Однако неприязнь городского населения не испортила настроение Айрамиру. Радость избавления от зубной боли с лихвой перекрыла осадок от "гостеприимных" объятий местного клана.
— Айка, не принимай близко к сердцу, — ответил беспечно "братец". — Я представил, как повел бы себя, поменявшись с кем-нибудь из них местами. И понял: мне предстоит огромная работа над собой, — заключил он скорбно и захохотал.
Позер.
Неизвестно, что встряхнуло Айрамира — экскурсия по городу и по поселку или разговор с Айями. А может, поспособствовало избавление от измучившей зубной боли. Так или иначе, он перестал клевать атата В'Иная исподтишка и, когда пришла пора отправляться в дорогу, спросил у мужа:
— Почему боишься нас с Солеем сажать в машину к хвостатому? Не дрейфь, не перегрыземся.
— Потому и не сядешь, пока он для тебя хвостатый. У него есть имя — Инай, — ответил тот.
Айрамир поджал губы. Он еще ни разу не обратился к даганнам по их именам.

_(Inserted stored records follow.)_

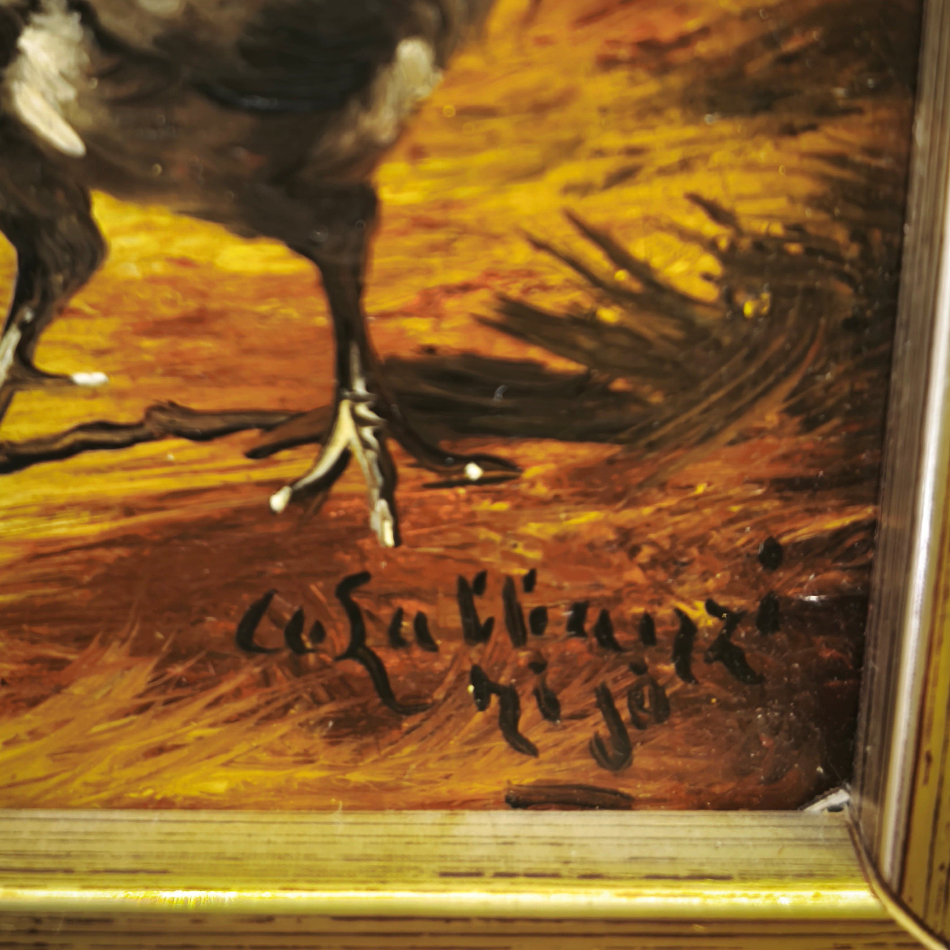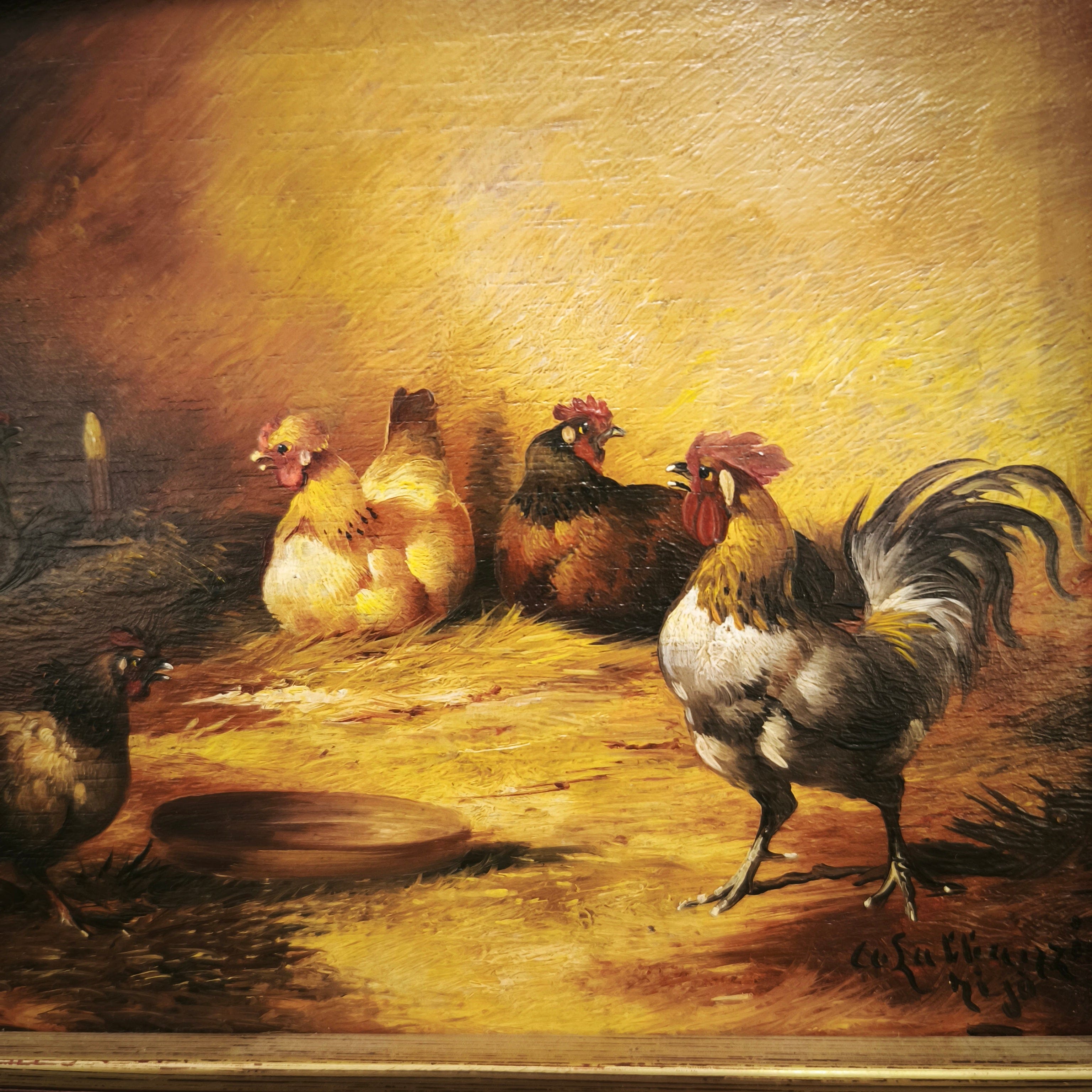 Óleo sobre madela del pintor chileno, nacido en Santiago, Aristodemo Lattanzi Villela (1952). En esta obra vemos unas gallinas reunidas junto a un plato en su gallinero, capturadas con un hermoso trabajo de la luz. La obra, con la temática tan reconocible de este artista, tiene un elegante marco de madera, con bordes tallados en relieves, y terminado en dorado.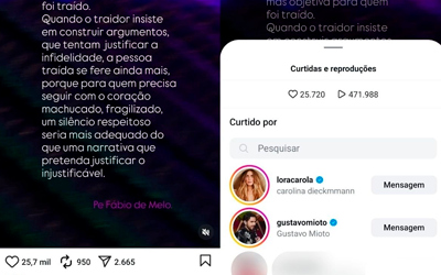 O texto curtido por Mioto fala da dor de quem é traído e critica tentativas de justificar infidelidades, defendendo que, para quem está ferido, “o silêncio respeitoso” seria preferível a narrativas que “queiram justificar o injustificável”. Nas redes, o engajamento do sertanejo foi visto como um recado cifrado, ainda que nenhum dos três tenha confirmado qualquer envolvimento amoroso.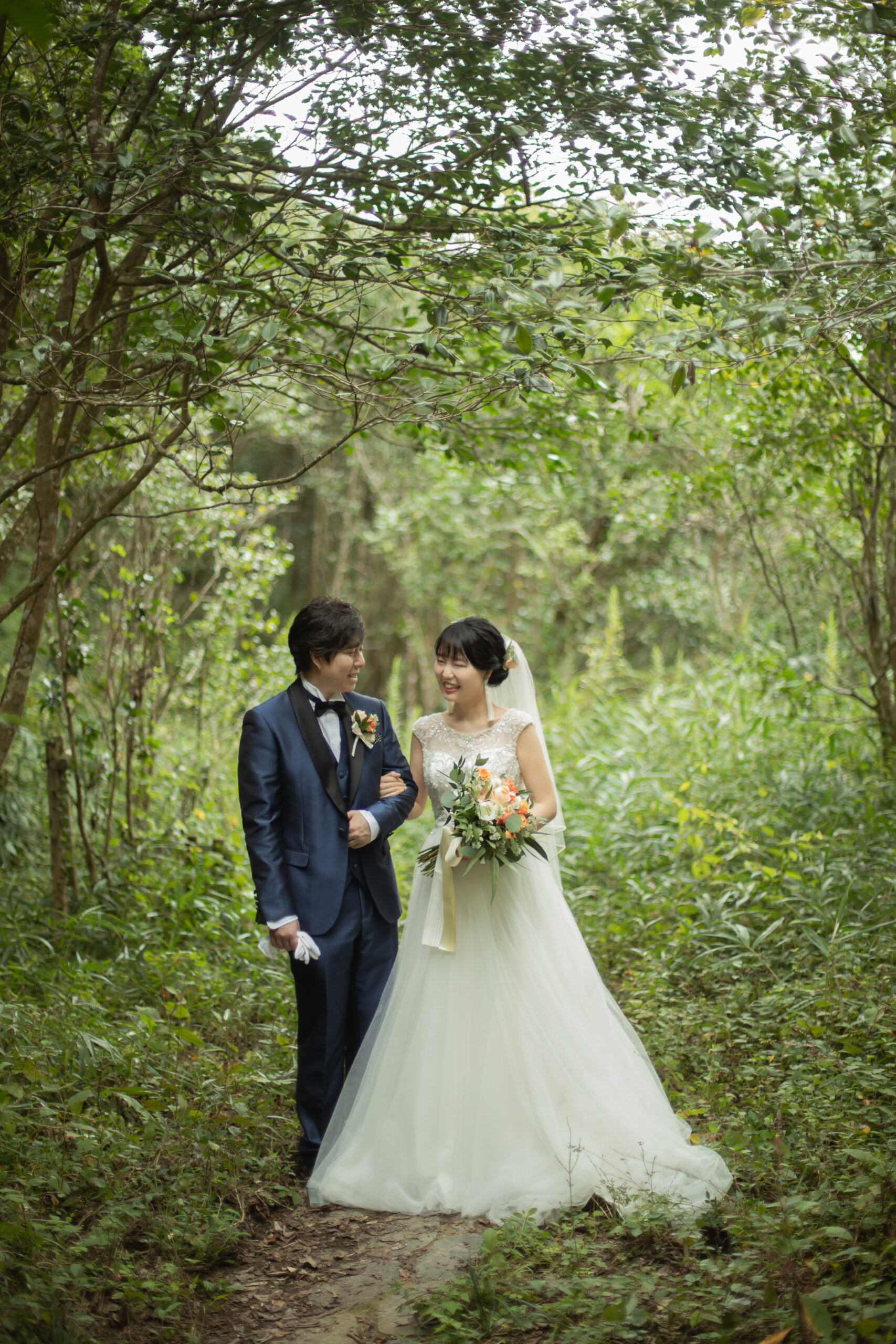 雨の日の、緑輝く前撮り撮影表参道のウェディングアベニュ。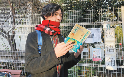 「心と心つないだ餃子」を読む慶応大學の學生 (撮影?劉軍國) 。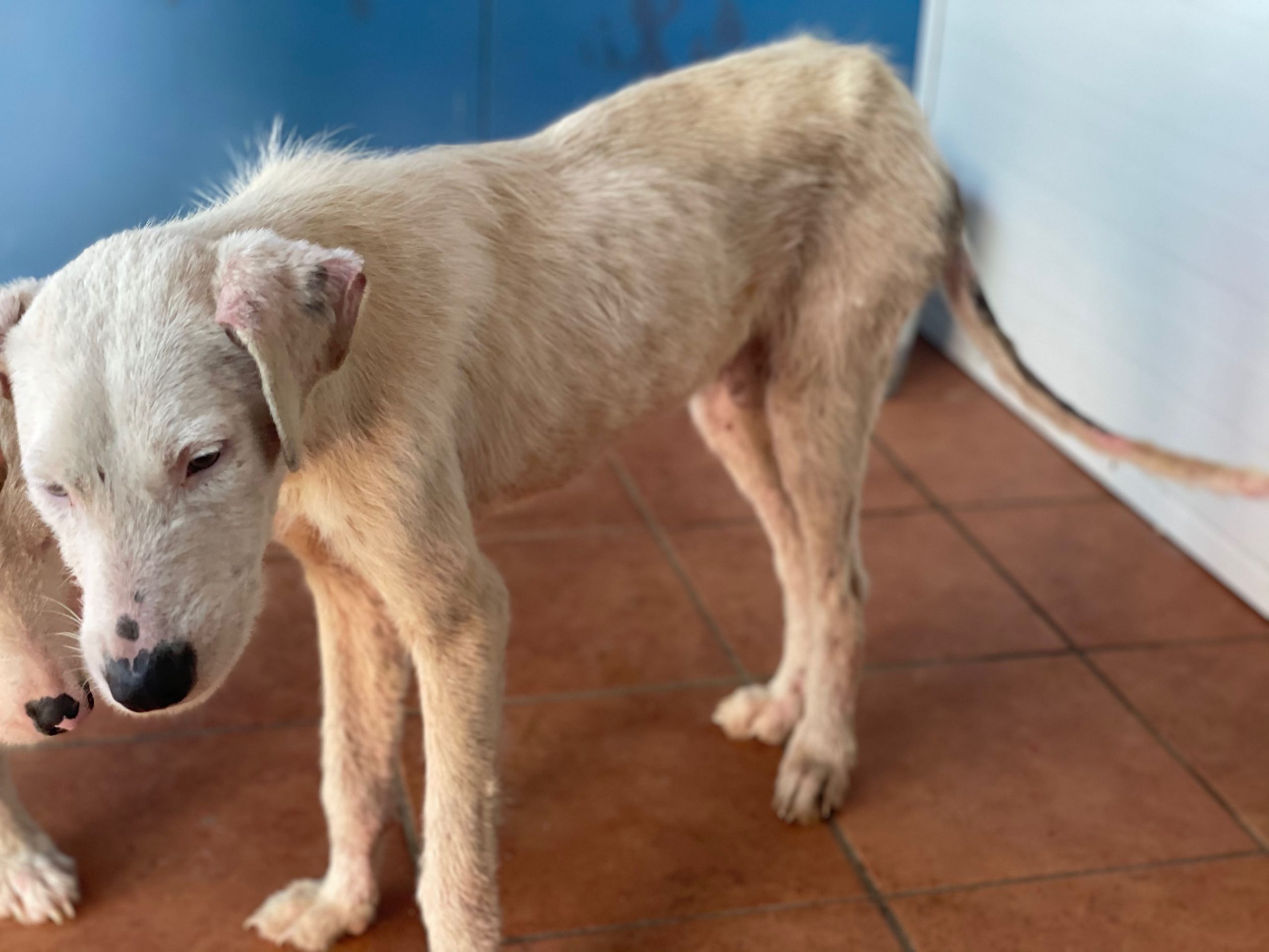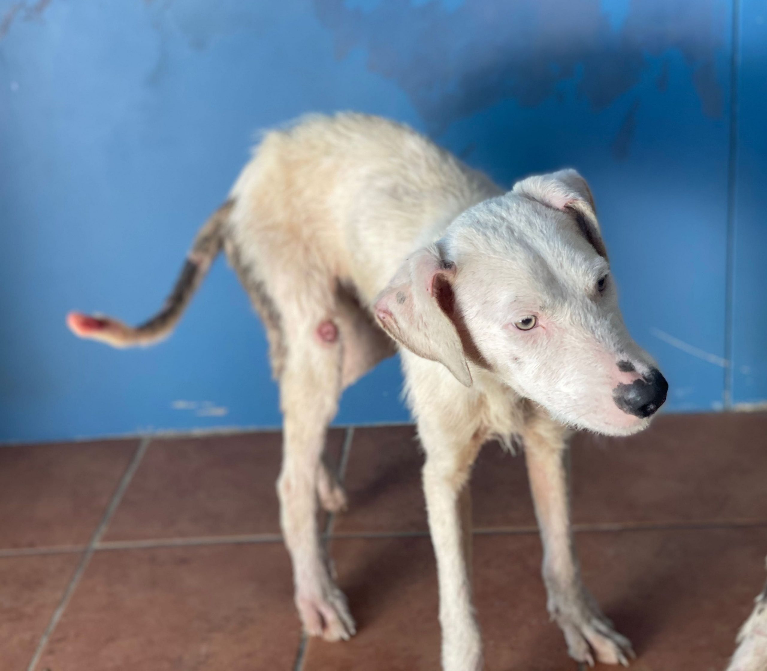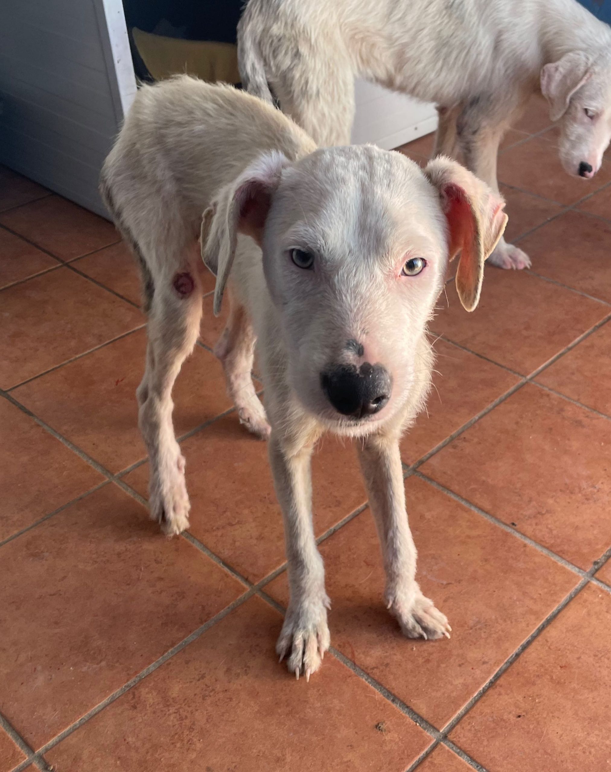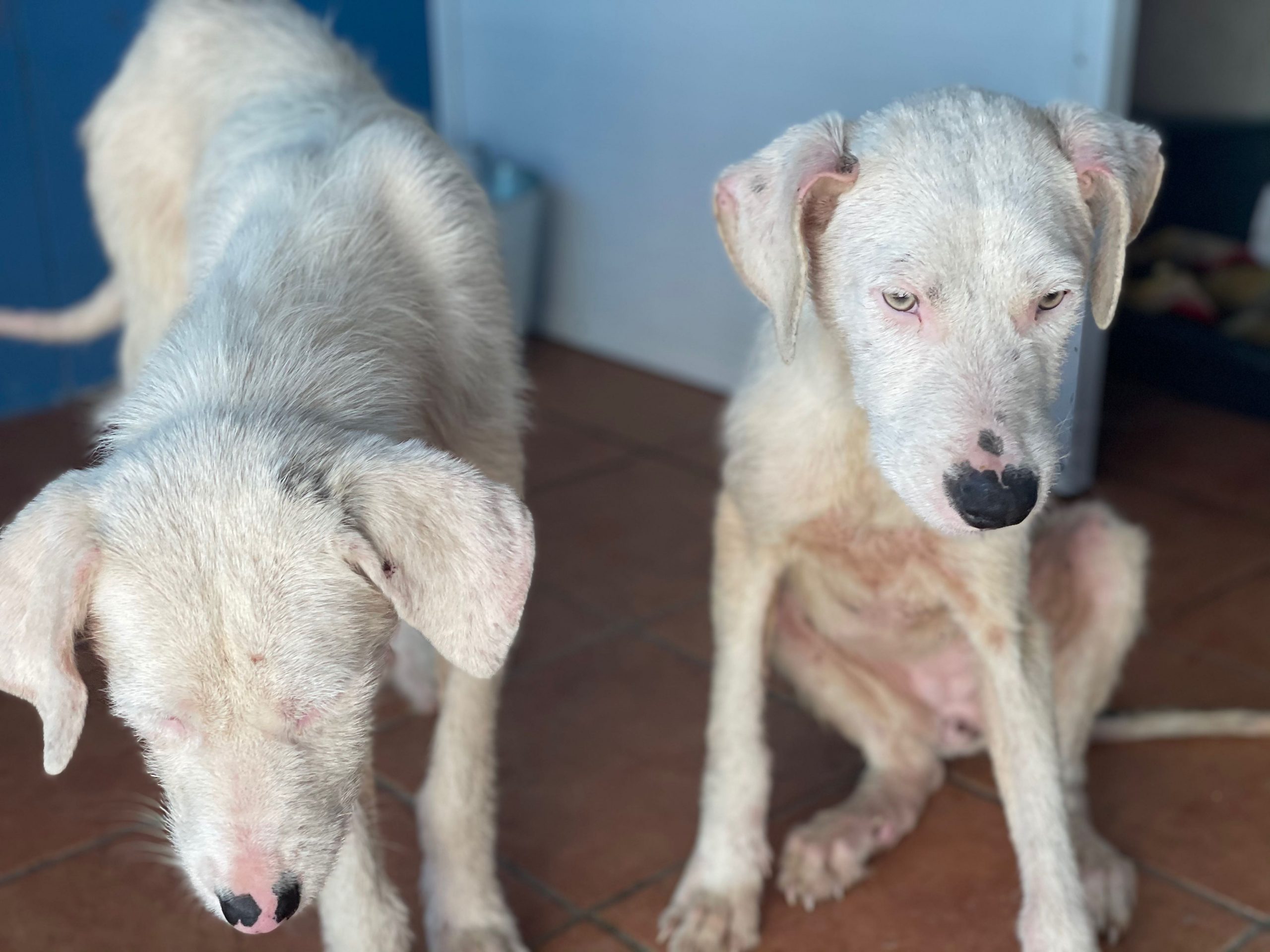 Maca, Guayaba y Ginkgo han sido recogidos en un estado lamentable, estaban super delgados, llenos de pulgas y garrapatas, heridas….vagando los tres juntos por el campo.

Потому что больно надо. "Братец" и к Вечу обращался неопределенно, говоря с Айями о нем: "твой".
— Твой... — наверное, хотел сказать "трахарь" или "муж", но первое из сказанного звучало грубо и обидно, а со вторым он так и не смирился. — Твой говорит, я тоже смогу найти камень. Солей останется с вами в лагере, а мы с твоим будем ходить в пустыню. Я себе дал обещание — найти камень, чтобы нанять дурацкого адвоката. Мы, амидарейцы, купим самого лучшего даганского юриста для нашей защиты, — продемонстрировал он сжатый кулак.
Айями лишь головой покачала, услышав громкое заявление. Но лучше пусть уж такая цель, чем постоянные подстрекательства. В примирительное затишье в поведении "братца" она не верила.
Из города Солнечных росомах муж привез две колоды игральных карт и комуз*, вручив его Солею:
— Ты говорил, играешь на... гитаре, — произнес он смешно незнакомое слово. — Здесь три струны, сумеешь освоить?
— Раньше баловался не всерьез, — ответил Солей. — Но попробую. Спасибо.